When a standard low dark resistance is required, a photoconductor is overlaid with a tin oxide surface film which forms a parallel resistance without optical interference.

A regenerative electroluminescent lamp photoconductor (EL-PC) device which depends on a low resistance PC for non-linear characteristics is shown in the top drawing. The corresponding schematic is at the lower right. Glass plate 1 is coated with a transparent conductive layer 2 which may be tin oxide. EL layer 3 covers layer 2 and is in turn covered by insulator layer 4 except at a small hole 5. PC 6 is deposited over insulator 4 and through hole 5 where it makes series connection with EL layer 3. The assembly is heated to 375 degrees 425 degrees. Tin chloride solution is sprayed over the PC and further heated in air until transparent tin oxide layer 7 forms.
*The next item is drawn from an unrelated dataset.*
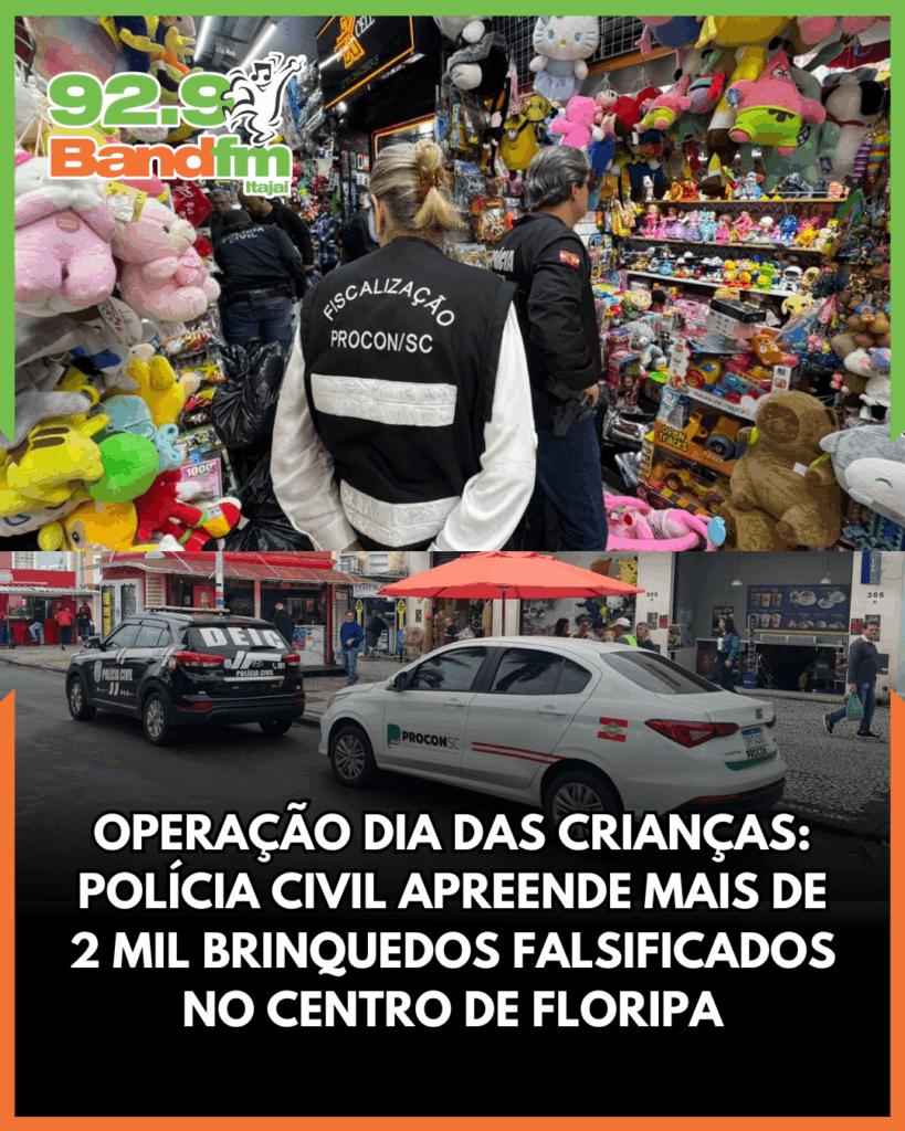 A Polícia Civil de Santa Catarina, por meio da Delegacia de Investigação de Crimes Ambientais e Crimes contra as Relações de Consumo (DCAC/DEIC), deflagrou nesta quinta-feira (09), operação integrada de combate à pirataria de brinquedos no centro de Florianópolis. A ação antecede o Dia das Crianças, celebrado no próximo fim de semana, período de maior comercialização desses produtos.

A brightness voltage curve is at the lower left. The EL phosphor layer becomes luminant as the potential between terminals 8 and 9 surpasses threshold level 10. The EL becomes brighter as potential increases, and finally latches in the bright state as optical feedback from EL to PC becomes regenerative at point 11. Further increase of potential beyond point 12 has little effect. Reduction of potential has little effect above point 13 at which regeneration ceases and brightness fades to point 14. The transparent tin oxide resistance biases the device at point 14 of hysteresis loop 11, 12, 13, 14. A voltage...